§ Your objective
Exactly reproduce the line containing "시스템 환경 설정에서" and all later lines to the end of the entries, leaving the pictures out of your copy.

§ Data in this exercise
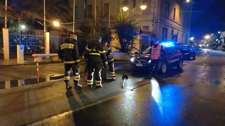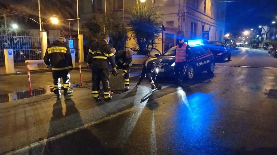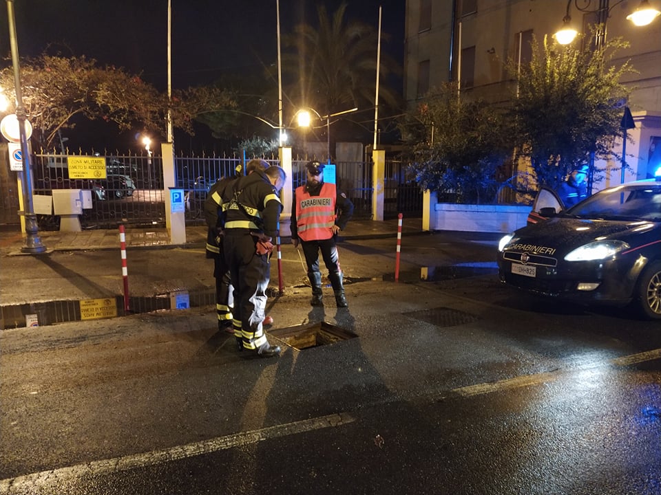 Coadiuvati dai Carabinieri i Vigili del Fuoco sono intervenuti anche in via Scarincio a causa dell’esplosione di due tombini, uno dei quali ha colpito un’auto in transito, per fortuna senza gravi conseguenze.
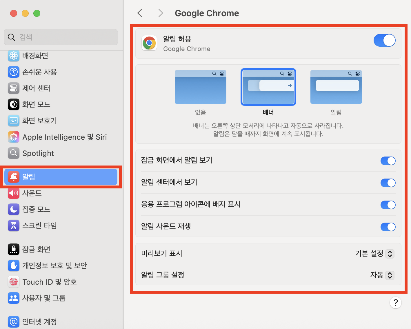 시스템 환경 설정에서 알림 센터 설정으로 이동하여 사용 중인 브라우저의 알림을 모두 허용으로 변경해 주세요.
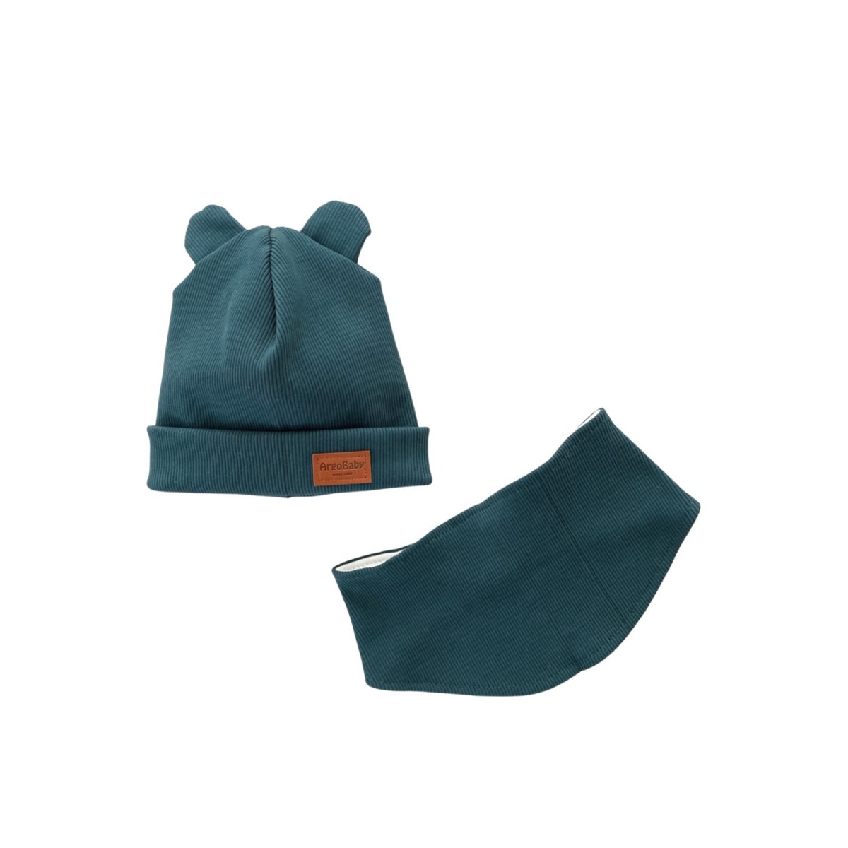 Двойная шапочка выполнена из кашкорсе , 95% хлопок и 5% эластан. Хорошо тянется и за счёт отворотов регулируется по размеру.
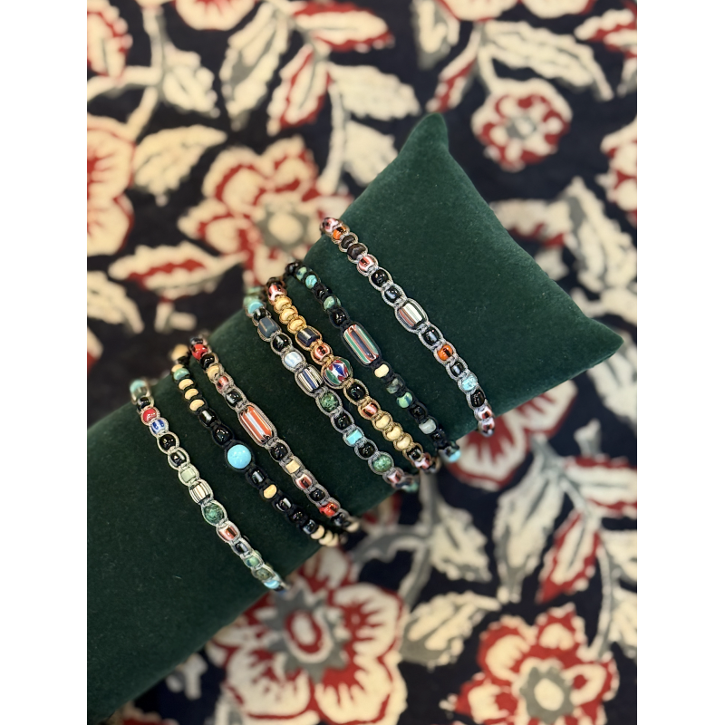 BRACELET AVEC PIERRES SEMI PRECIEUSE ET PERLE AFRICAINE OU BRELOQUE OR SUR FIL
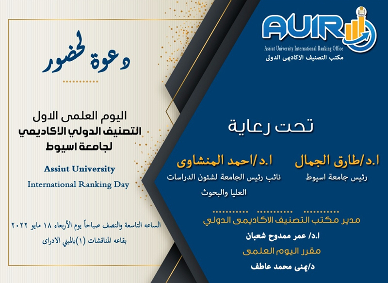 Dr. Ahmed Al-Manshawi, Vice-Chancellor of Assiut University for Postgraduate and Research Affairs, announced the first scientific day of the University's International Academic Classification Office on Wednesday under the auspices of Dr. Tariq Al-Jamal, President of the University, in order to contribute to the achievement of the vision of the University, which seeks to reach a world class.
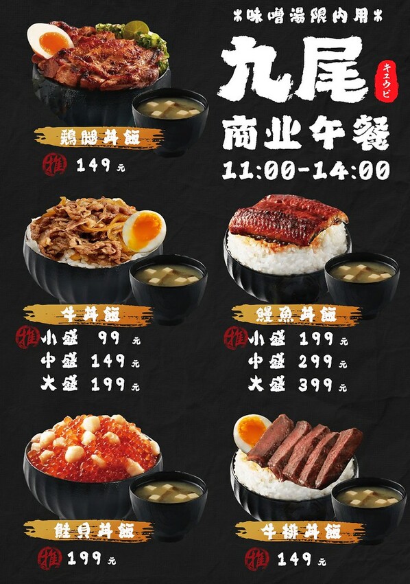 【九尾】的商業午餐,提供雞腿、牛、牛排、鰻魚、鮭貝5種美味的平價丼飯。
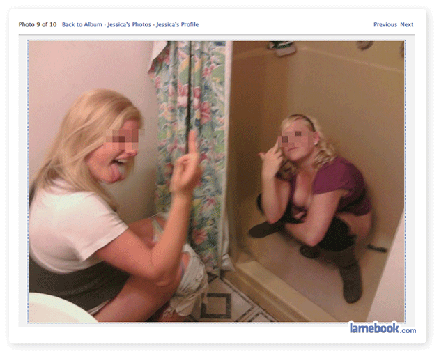 I’ll never understand why fat, drunk bitches take pictures while they are going to the bathroom, much less post these pictures on Facebook. I have considered they untagged themselves, but I have seen too many where they weren’t untagged. My old friend had it as her profile picture for awhile. It’s not cute.
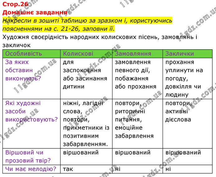 Домашнє завдання Накресли в зошиті таблицю за зразком і, користуючись поясненнями на с. 21-26, заповни її. Художня своєрідність народних колискових пісень, замовлянь і закличок
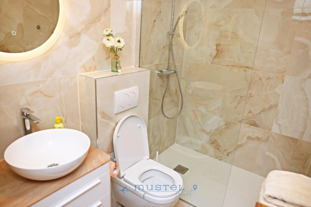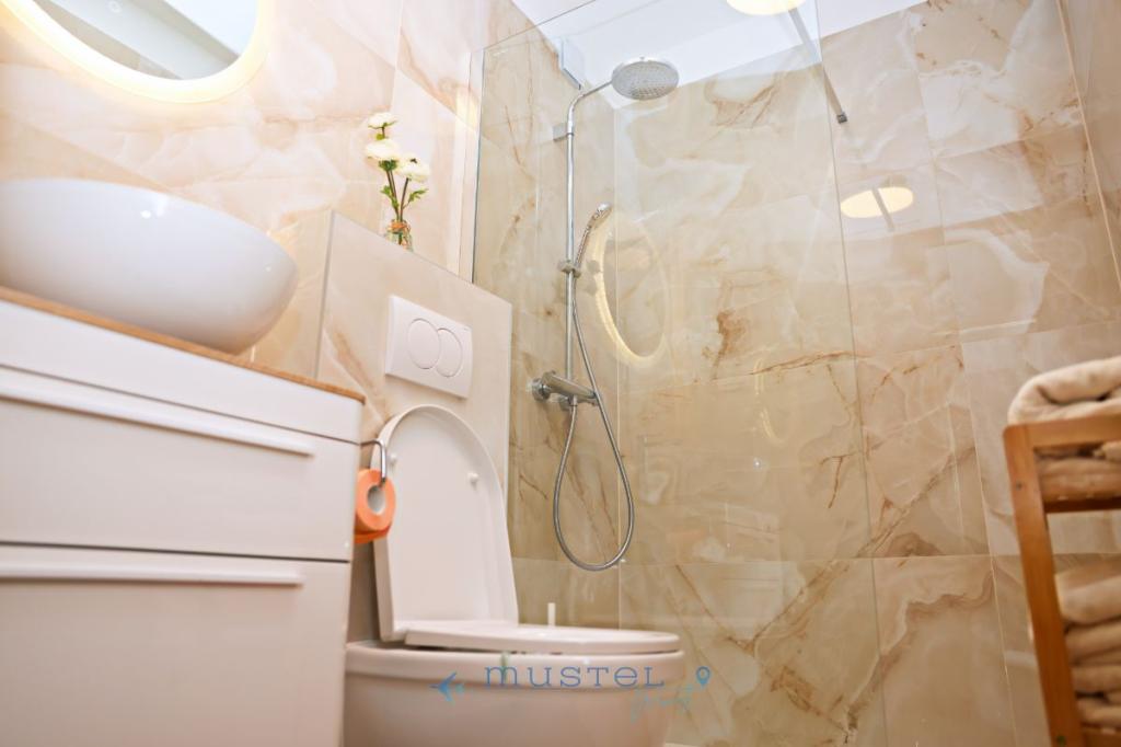 Апартаменты, расположенные на втором этаже здания, обеспечивают комфортное размещение до 4 человек и идеально подходят для семей, пар или компаний друзей. В апартаментах: 2 спальни: одна с двуспальной кроватью 160x200 см, другая с двуспальной кроватью 180x200 см; ванная комната с душем и стиральной машиной; полностью оборудованная кухня; балкон с видом на море – идеальное место для утреннего кофе или вечернего отдыха; гостиная с выходом на балкон; бесплатная парковка в 150 метрах от апартаментов.
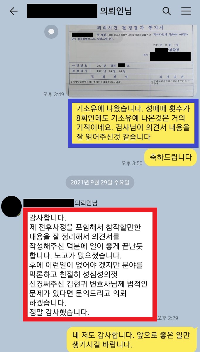 혐의를 인정하는 사건이 하더라도, 설령 실무상 기소유예 가능성이 높은 사건이 하더라도, 진행 과정에서는 저도 의뢰인도 최선을 다하는 것이 중요합니다. 성매매 횟수가 아무리 많더라도 진심을 다해 적극적으로 진행한다면 기소유예 처분이 가능하다는 것을 보여주는 성공 사례라 할 것입니다.
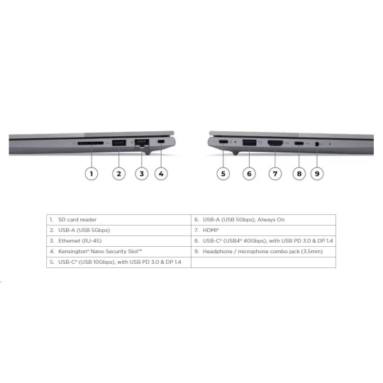 | Standartné porty | 1x USB-A (USB 5Gbps / USB 3.2 Gen 1) 1x USB-A (USB 5Gbps / USB 3.2 Gen 1), Always On 1x USB-C® (USB 10Gbps / USB 3.2 Gen 2), with USB PD 3.0 and DisplayPort™ 1.4 1x USB-C® (USB4® 40Gbps), with USB PD 3.0 and DisplayPort™ 1.4 1x HDMI® 2.1, up to 4K/60Hz 1x Headphone / microphone combo jack (3.5mm) 1x Ethernet (RJ-45) 1x SD card reader |

§ The completed task
 시스템 환경 설정에서 알림 센터 설정으로 이동하여 사용 중인 브라우저의 알림을 모두 허용으로 변경해 주세요.
 Двойная шапочка выполнена из кашкорсе , 95% хлопок и 5% эластан. Хорошо тянется и за счёт отворотов регулируется по размеру.
 BRACELET AVEC PIERRES SEMI PRECIEUSE ET PERLE AFRICAINE OU BRELOQUE OR SUR FIL
 Dr. Ahmed Al-Manshawi, Vice-Chancellor of Assiut University for Postgraduate and Research Affairs, announced the first scientific day of the University's International Academic Classification Office on Wednesday under the auspices of Dr. Tariq Al-Jamal, President of the University, in order to contribute to the achievement of the vision of the University, which seeks to reach a world class.
 【九尾】的商業午餐,提供雞腿、牛、牛排、鰻魚、鮭貝5種美味的平價丼飯。
 I’ll never understand why fat, drunk bitches take pictures while they are going to the bathroom, much less post these pictures on Facebook. I have considered they untagged themselves, but I have seen too many where they weren’t untagged. My old friend had it as her profile picture for awhile. It’s not cute.
 Домашнє завдання Накресли в зошиті таблицю за зразком і, користуючись поясненнями на с. 21-26, заповни її. Художня своєрідність народних колискових пісень, замовлянь і закличок
 Апартаменты, расположенные на втором этаже здания, обеспечивают комфортное размещение до 4 человек и идеально подходят для семей, пар или компаний друзей. В апартаментах: 2 спальни: одна с двуспальной кроватью 160x200 см, другая с двуспальной кроватью 180x200 см; ванная комната с душем и стиральной машиной; полностью оборудованная кухня; балкон с видом на море – идеальное место для утреннего кофе или вечернего отдыха; гостиная с выходом на балкон; бесплатная парковка в 150 метрах от апартаментов.
 혐의를 인정하는 사건이 하더라도, 설령 실무상 기소유예 가능성이 높은 사건이 하더라도, 진행 과정에서는 저도 의뢰인도 최선을 다하는 것이 중요합니다. 성매매 횟수가 아무리 많더라도 진심을 다해 적극적으로 진행한다면 기소유예 처분이 가능하다는 것을 보여주는 성공 사례라 할 것입니다.
 | Standartné porty | 1x USB-A (USB 5Gbps / USB 3.2 Gen 1) 1x USB-A (USB 5Gbps / USB 3.2 Gen 1), Always On 1x USB-C® (USB 10Gbps / USB 3.2 Gen 2), with USB PD 3.0 and DisplayPort™ 1.4 1x USB-C® (USB4® 40Gbps), with USB PD 3.0 and DisplayPort™ 1.4 1x HDMI® 2.1, up to 4K/60Hz 1x Headphone / microphone combo jack (3.5mm) 1x Ethernet (RJ-45) 1x SD card reader |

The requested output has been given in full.